### Exercise
Please repeat nothing except the lines from the one containing "活动在庄严的国歌声中拉开序幕" through the end of the records, exactly and without pictures.

### Entries shown

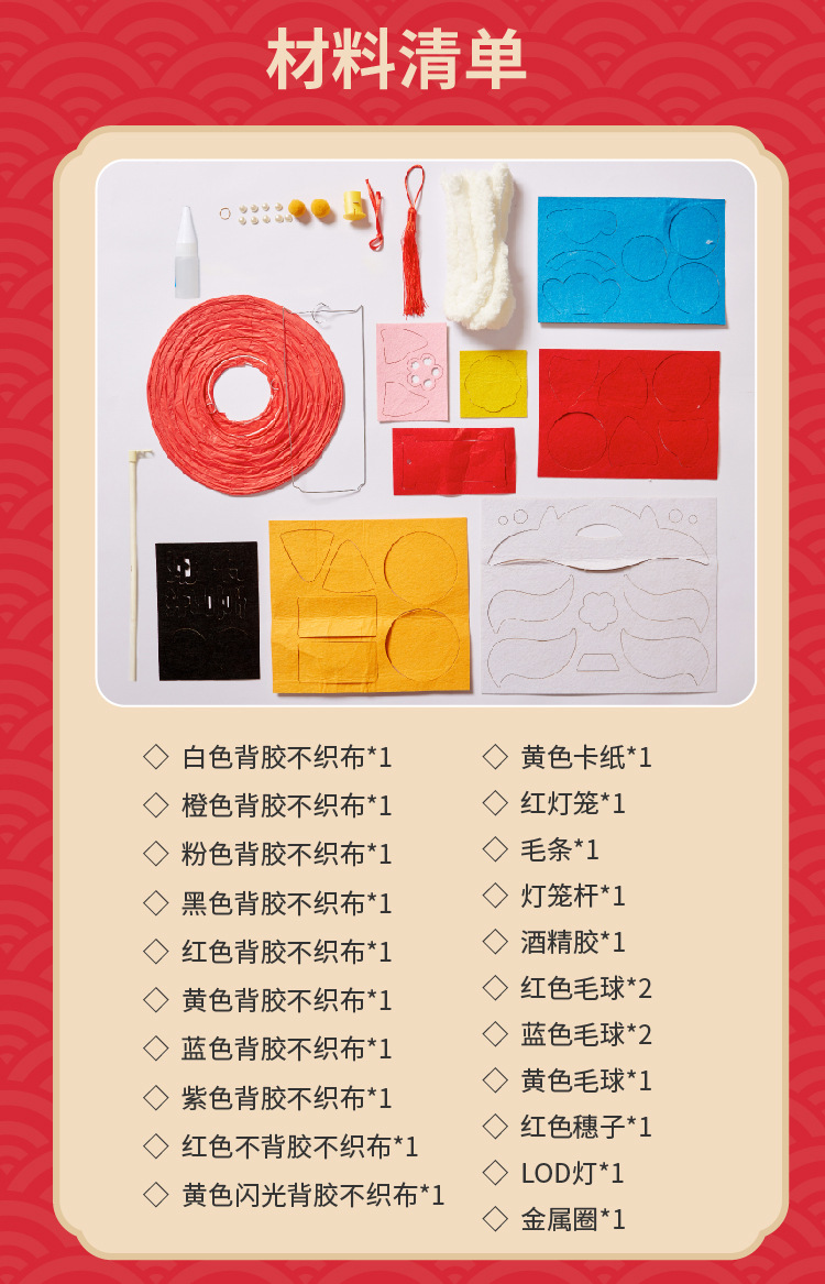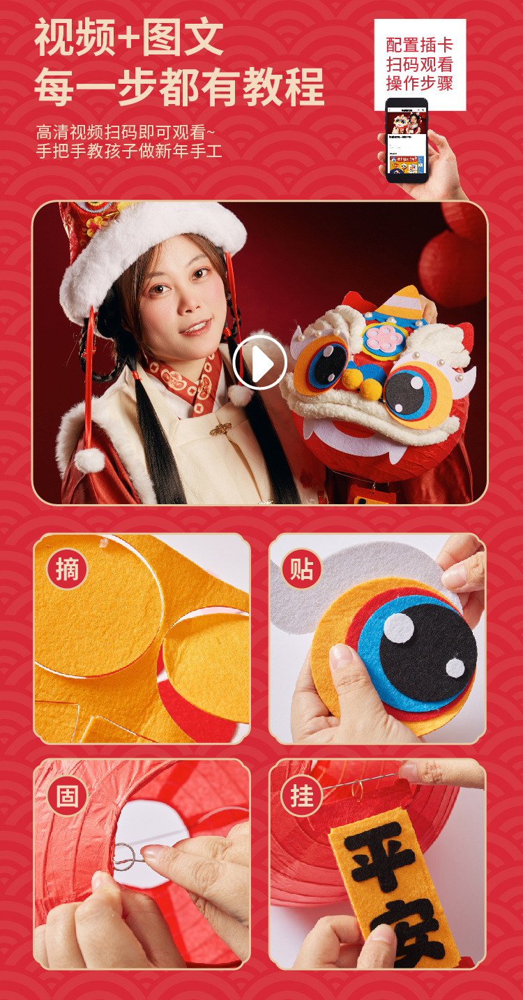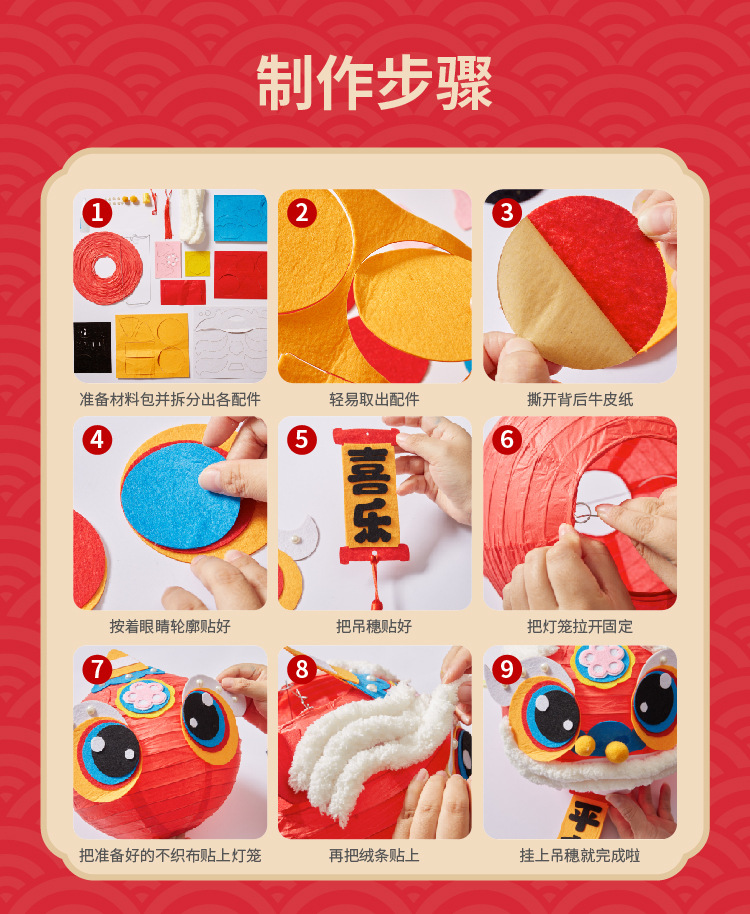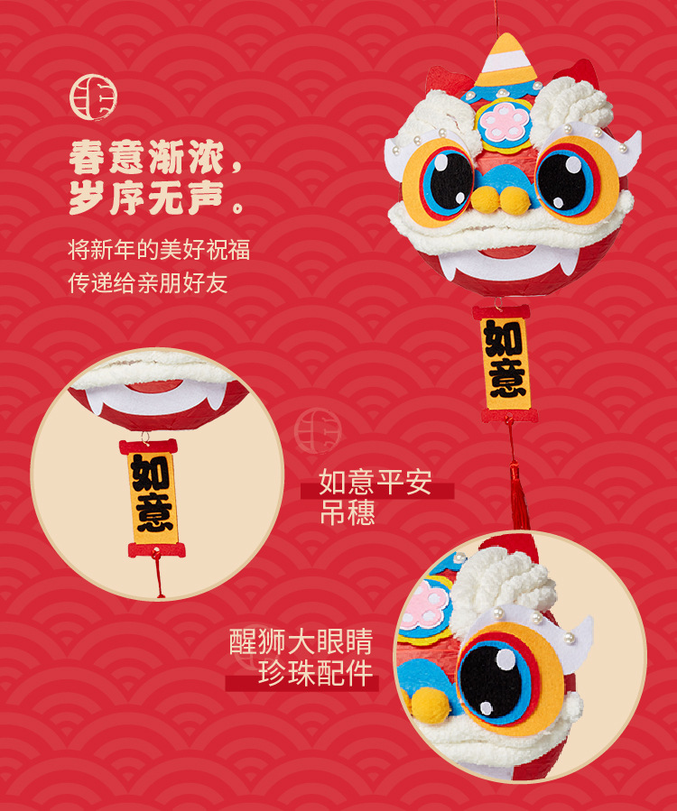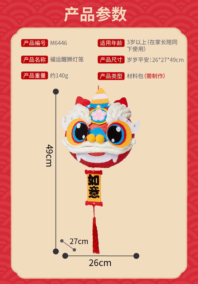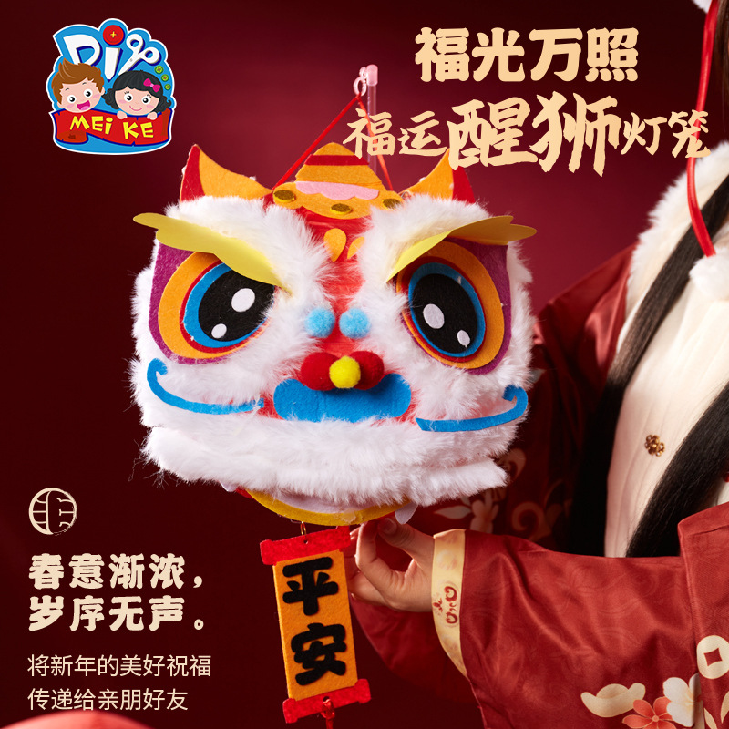 马年礼物福运醒狮灯笼手工diy儿童制作材料非遗古风批发
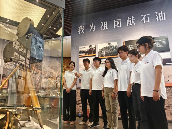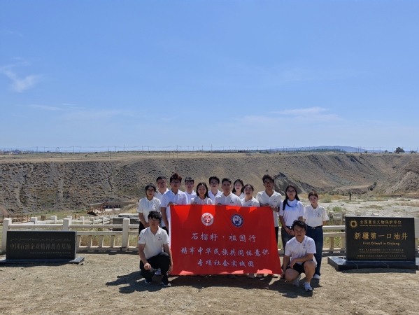 浩浩乎平沙,茫茫乎戈壁,巍巍乎钻塔,猎猎乎旌旗。在百里油区,实践队员们彷佛回到了老一辈开拓者“拼命拿下大油田”的那段激情岁月。来到独山子攀登泥火山,拾级而上,看千年油泉喷发口,油泉中黢黑的石油见证着一代代石油工人为这片土地的付出。为追寻前辈的足迹,实践队员们走入克拉玛依博物馆和黑油山。不同时期的照片、图表、实物以及沙盘、模型上千余件(幅)映入眼帘,讲述着一代又一代石油人在石油精神的鼓舞下不忘初心,薪火相传,在一个又一个地方创造出滚滚油龙。“石油精神将会一直传承,永不消散,在一代又一代石油人身上孕育新的希望。”实践团成员金哲旭说道。
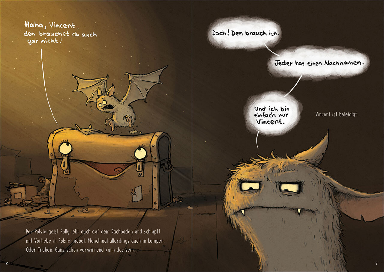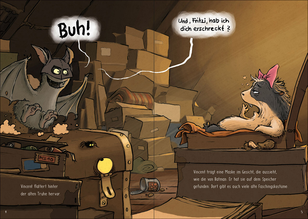 Die beliebte Fledermaus Vincent aus Sonja Kaiblingers Büchern Scary Harry flattert in das zweite Abenteuer ihrer eigenen Kinderbuchreihe ! In diesem Band erfahren Kinder ab 7 Jahren in einer durchgehend farbig illustrierten und gruselig-witzigen Geschichte , wie Halb-Geistertiere wie Vincent zu ihrer Superkraft kommen.
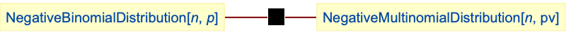 - NegativeMultinomialDistribution is related to a number of other distributions. It is a higher-dimensional generalization of NegativeBinomialDistribution in the sense that the PDF of NegativeBinomialDistribution[n,p] with respect to a variable x is precisely the same as that of NegativeMultinomialDistribution[n,{1-p}] written in terms of the vector {x}. NegativeMultinomialDistribution is also related to BinomialDistribution, MultinomialDistribution, BernoulliDistribution, BetaBinomialDistribution, HypergeometricDistribution, GeometricDistribution, and PoissonDistribution.
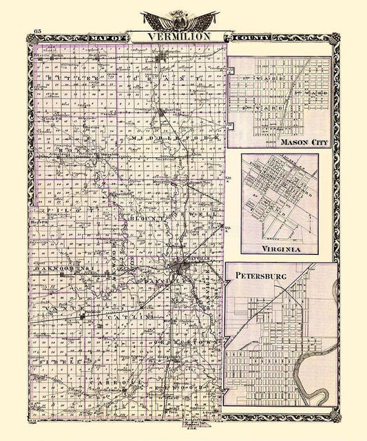 Vermilion Illinois Landowner - Warner 1870 White Modern Wood Framed Art Print with Double Matting by Warner
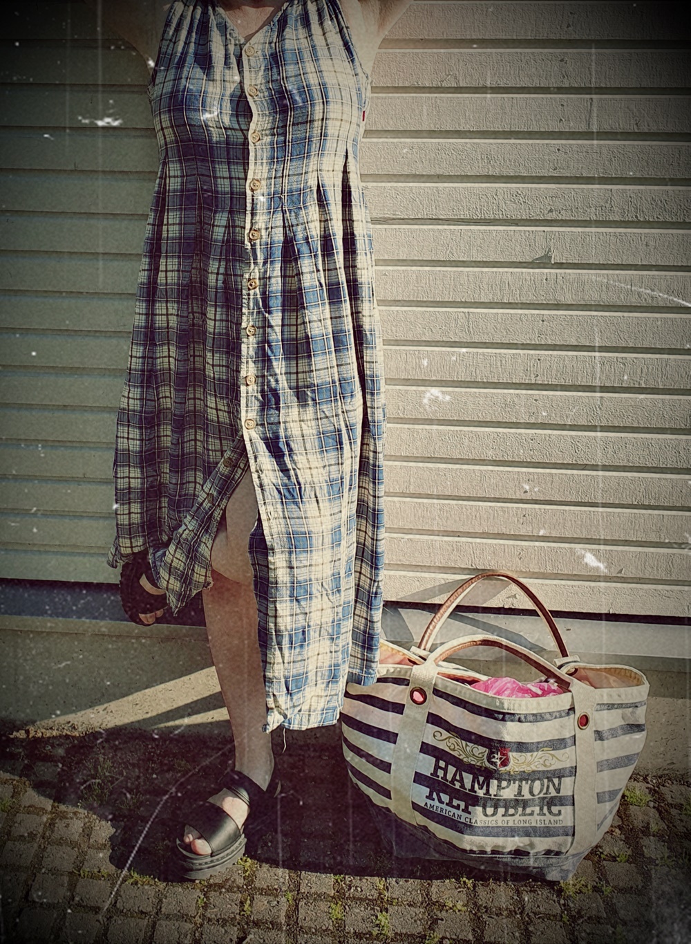Mies haki minut töistä ja suuntasimme suoraan Espoon Konttiin. Tykkään kyseisestä Kontista, sillä siellä on paljon juuri vintagea. Pienen etsimisen jälkeen löysin monta mielenkiintoista vaatetta, joista sitten kuitenkin otin vain tämän liivimekon. Tällainen mekko minulla oli myös nuorena ja se oli vielä itse tehty liivimekko. Tykästyin tähän heti ja tietenkin se oli otettava mukaan.
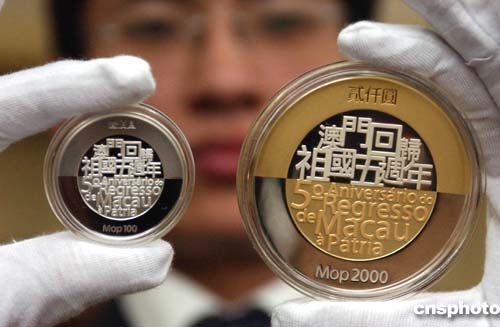 ·澳門12月發行回歸5周年紀念幣 9月起可預訂(圖) (2004-06-11)
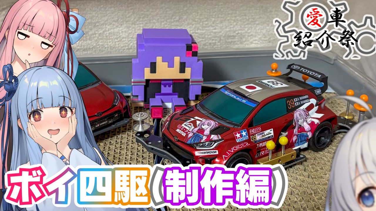 トヨタ、GRヤリスRCで四輪車載、兼ボイロ車載を投稿します。<br>Twitter⇒<a href="https://twitter.com/kohigashi_1f9" target="_blank" rel="noopener nofollow">https://twitter.com/kohigashi_1f9</a><br><br>湊さん主催の愛車紹介祭の参加動画です(告知:<a href="https://www.nicovideo.jp/watch/sm44389289" class="watch">sm44389289</a>)<br>四輪部門と言いたいところですが、弐等兵さん(<a href="https://www.nicovideo.jp/user/2218694" target="_blank" rel="noopener">user/2218694</a>)主催のボイ四駆(ボイスロイド好きによるミニ四駆)がありましたので、<br>『その他部門』としてミニ四駆の制作機をお届けします。<br>加えまして車載要素として、ボイ四駆前日の3/8(土)の模様をお送りします。<br><br>ボイ四駆の他参加者の方の動画<br>◯だわ(終わった人)さん⇒<a href="https://www.nicovideo.jp/watch/sm44742923" class="watch">sm44742923</a>、<a href="https://www.nicovideo.jp/watch/sm44749833" class="watch">sm44749833</a><br>◯戌田ハチさん⇒<a href="https://www.nicovideo.jp/watch/sm44770996" class="watch">sm44770996</a><br><br><br>愛車紹介祭でGRヤリス車載主が増えました。投稿祭参加のきっかけなので紹介。<br>◯かずわんさん⇒<a href="https://www.nicovideo.jp/watch/sm44719030" class="watch">sm44719030</a><br>◯バソキャンさん⇒<a href="https://www.nicovideo.jp/watch/sm44733046" class="watch">sm44733046</a><br><br>☆オープニング曲: WOW WOW WOW 〜こんな時代を精一杯生きるから〜(K Jungle with n (a.k.a.琴葉なおちゅー直樹))⇒<a href="https://www.nicovideo.jp/watch/sm42734482" class="watch">sm42734482</a><br>KOTONOPOP TIME 01 — コトノプリズム⇒<a href="https://www.nicovideo.jp/watch/sm37234745" class="watch">sm37234745</a><br><br>☆お借りしたBGM:コミック・ロック (こばっと様)、とある晴れの日に (〃)、おかしな様子 (〃)、気持ちの良い朝に(〃)、そよ風と揺れる木漏れ日(〃)、スマイルでね(〃)、キュートなマジック!(〃)、休憩中の雑談タイム(〃)<br><br>☆使用したソフト・立ち絵:動画最後またはコンテンツツリーを参照願います。<br><br>☆使用車両:トヨタ・GRヤリスRCグレード(6MT、型式4BA-GXPA16-AGFVZ)<br>☆車載:SONY・アクションカムHDR-AS200V + audio-technica AT9901<br>☆写真:CANON・EOS 90D
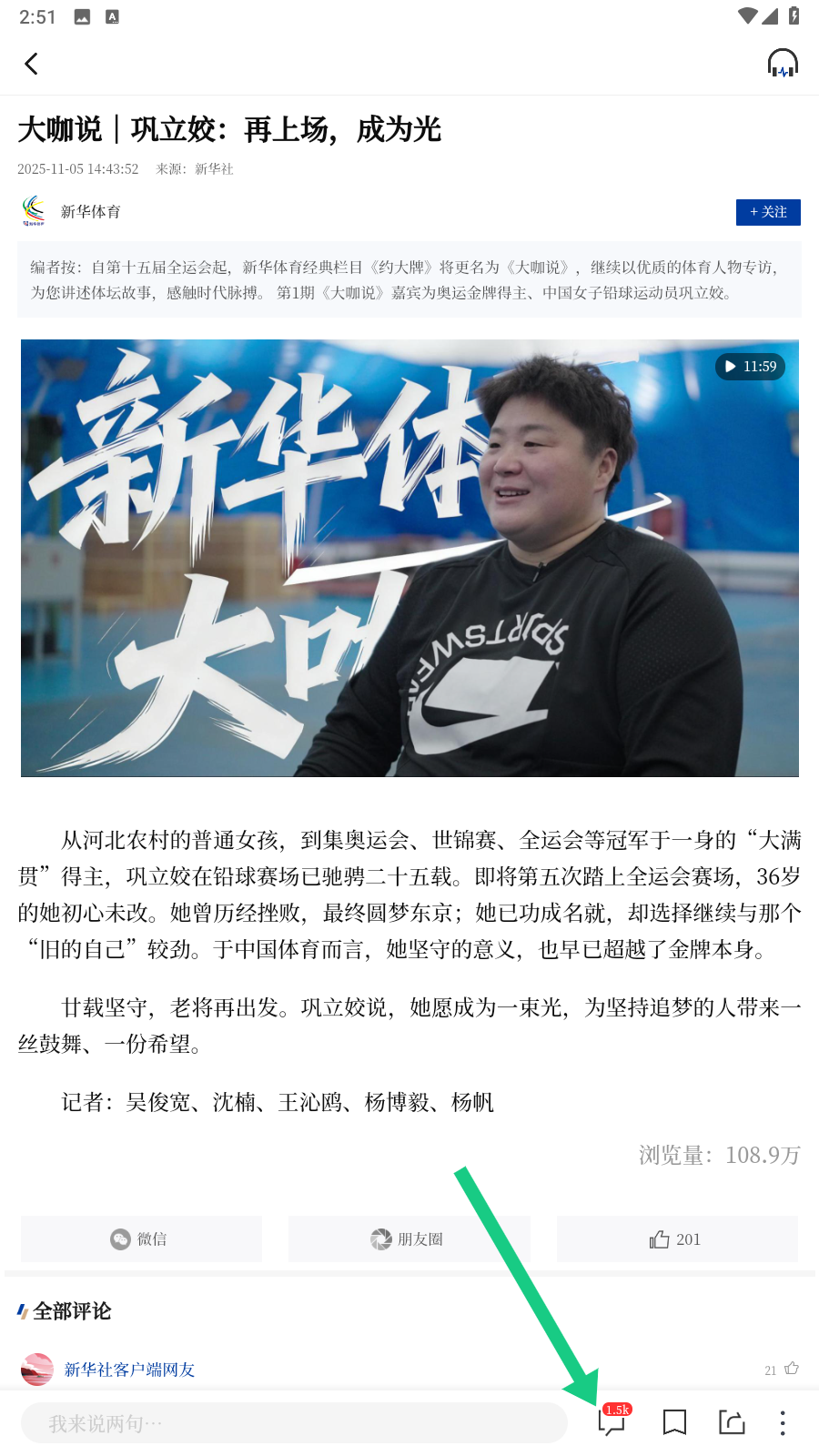 2、在体育板块中,点击感兴趣的新闻,如【大咖说-巩立姣】,进入文章详情页哦。
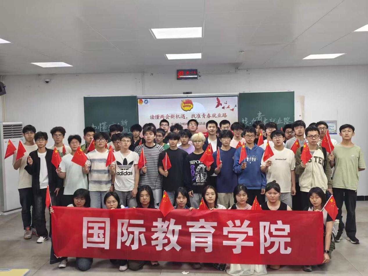 活动在庄严的国歌声中拉开序幕,全体师生起立共唱国歌。随后,学生陈哲希、郭孝慈领学“读懂两会政策,找准就业方向——从两会精神看青年发展方向”相关文件,引导同学们深刻理解国家发展大局与青年成长路径。随后,全体学生共同观看两会专题视频,深入了解当前就业形势,并围绕就业政策、创新创业等议题展开热烈讨论。
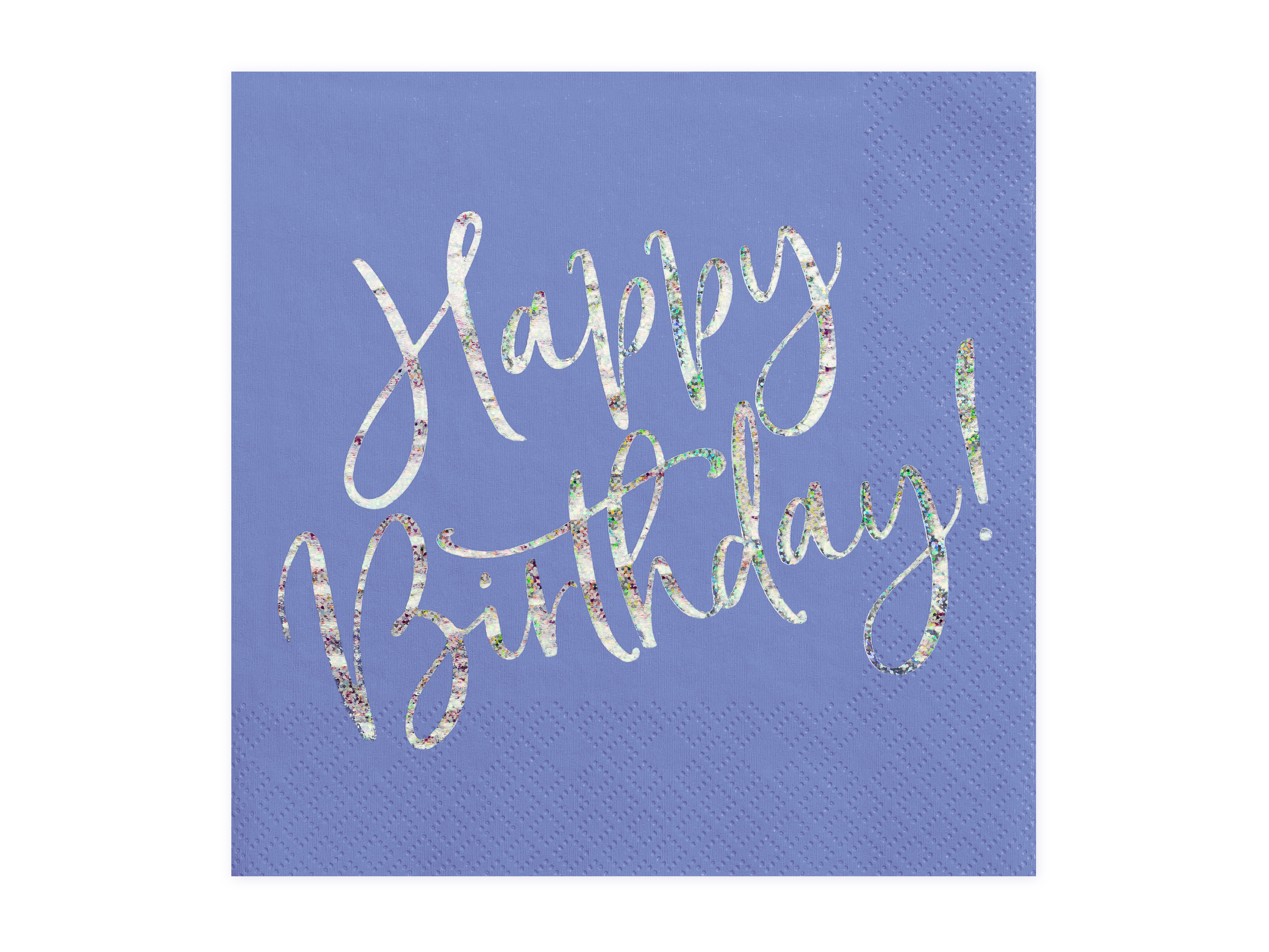 Papírové ubrousky v modré barvě s lesklým potiskem Happy Birthday, velikost po složení je 33 x 33 cm

### Output for this exercise
 活动在庄严的国歌声中拉开序幕,全体师生起立共唱国歌。随后,学生陈哲希、郭孝慈领学“读懂两会政策,找准就业方向——从两会精神看青年发展方向”相关文件,引导同学们深刻理解国家发展大局与青年成长路径。随后,全体学生共同观看两会专题视频,深入了解当前就业形势,并围绕就业政策、创新创业等议题展开热烈讨论。
 Papírové ubrousky v modré barvě s lesklým potiskem Happy Birthday, velikost po složení je 33 x 33 cm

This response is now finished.